1 Or il serpente era il più astuto di tutti gli animali dei campi che l’Eterno Iddio aveva fatti; ed esso disse alla donna: ‘Come! Iddio v’ha detto: Non mangiate del frutto di tutti gli alberi del giardino?’

2 E la donna rispose al serpente: ‘Del frutto degli alberi del giardino ne possiamo mangiare; 3 ma del frutto dell’albero ch’è in mezzo al giardino Iddio ha detto: Non ne mangiate e non lo toccate, che non abbiate a morire’.

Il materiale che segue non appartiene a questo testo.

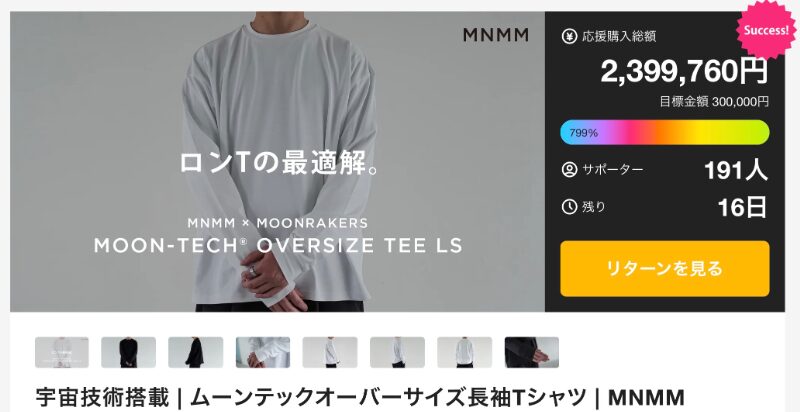 ファッションとテクノロジーの融合を体現した、MNMMの「ムーンテックオーバーサイズ長袖Tシャツ」。その最大の特徴は、宇宙船の温度調節に使われている“NASA開発素材”をベースにした特殊生地にあります。この生地は体温の変化を検知し、暑いときは熱を逃がし、寒いときは保温するという優れもの。まるで自分の肌が自動調整しているような心地よさを実現しています。さらに、洗濯を繰り返しても機能が落ちにくく、日常でも長く快適に着用できる点も魅力です。目標金額30万円に対し、すでに230万円を突破し190名以上が支援。まさに“次世代のTシャツ”として注目を浴びています。

4 E il serpente disse alla donna: ‘No, non morrete affatto;

5 ma Iddio sa che nel giorno che ne mangerete, gli occhi vostri s’apriranno, e sarete come Dio,

vendo la conoscenza del bene e del male’.

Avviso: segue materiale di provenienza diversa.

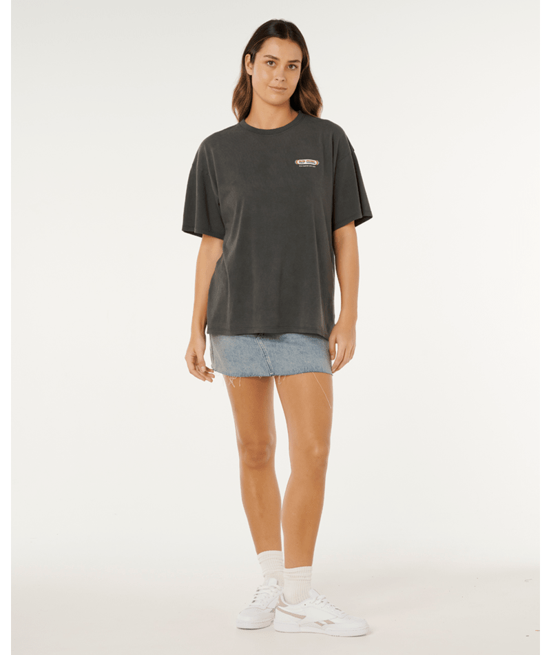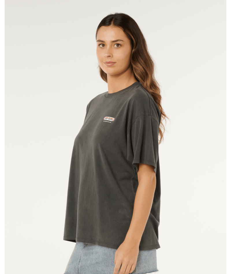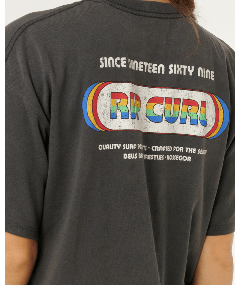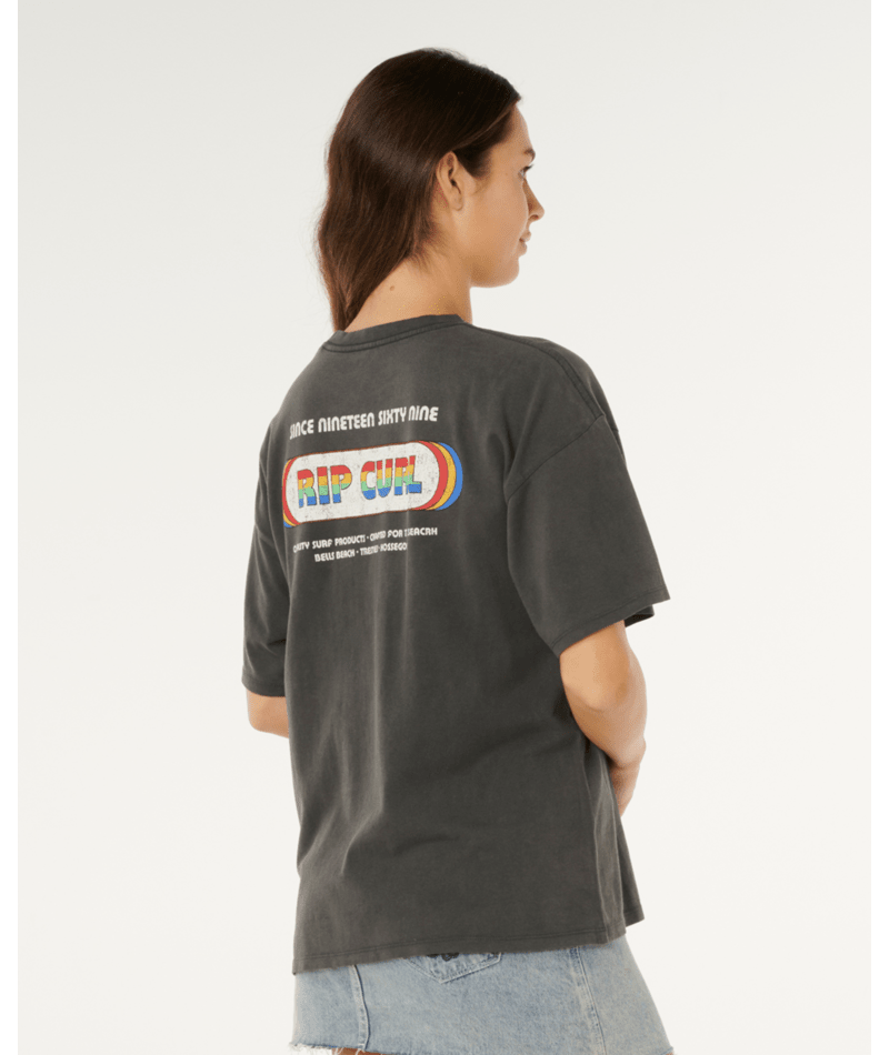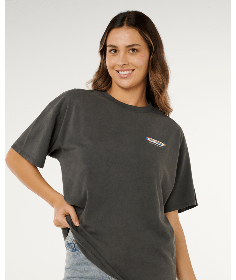 The Surf Revival Heritage Tee combines a heritage fit with garment pigment dye and heavy enzyme wash. Features include front and back prints, inner neck print, and woven flag label for a timeless surf tee.

6 E la donna vide che il frutto dell’albero era buono a mangiarsi, ch’era bello a vedere, e che l’albero era desiderabile per diventare intelligente; prese del frutto, ne mangiò, e ne dette anche al suo marito ch’era con lei, ed egli ne mangiò.

Genesi 3, 1 – 6

Adamo ed Eva vengono spinti a mangiare del frutto proibito dal Serpente tentatore che li convince del fatto che, contravvenendo al divieto imposto da Dio, i loro occhi si apriranno ed essi diverranno simili a Lui. La celebre coppia cede alla propria curiositas: Eva coglie il frutto e, dopo averlo morso, lo porge ad Adamo perché faccia altrettanto. Immediatamente, i due scoprono di essere nudi e cominciano a provare vergogna, segno che, effettivamente, i loro occhi si sono aperti all’evidenza (o forse, chissà, è solo un'illusione di conoscenza, un inganno del serpente).

Probabilmente la curiositas di Adamo ed Eva è lo stesso moto d’animo che anima Lucio, il protagonista del romanzo latino Le metamorfosi di Apuleio di Madaura.

Questo romanzo risalente al II secolo d.C. e pervenutoci per intero, narra la storia dell’uomo-asino, dell’uomo cioè che per un incantesimo sbagliato viene trasformato in asino, ma conserva sensibilità e intelligenza umana. In questa veste, egli vive numerose avventure, anche rischiose, fino alla trasformazione finale che lo vede recuperare l’aspetto umano.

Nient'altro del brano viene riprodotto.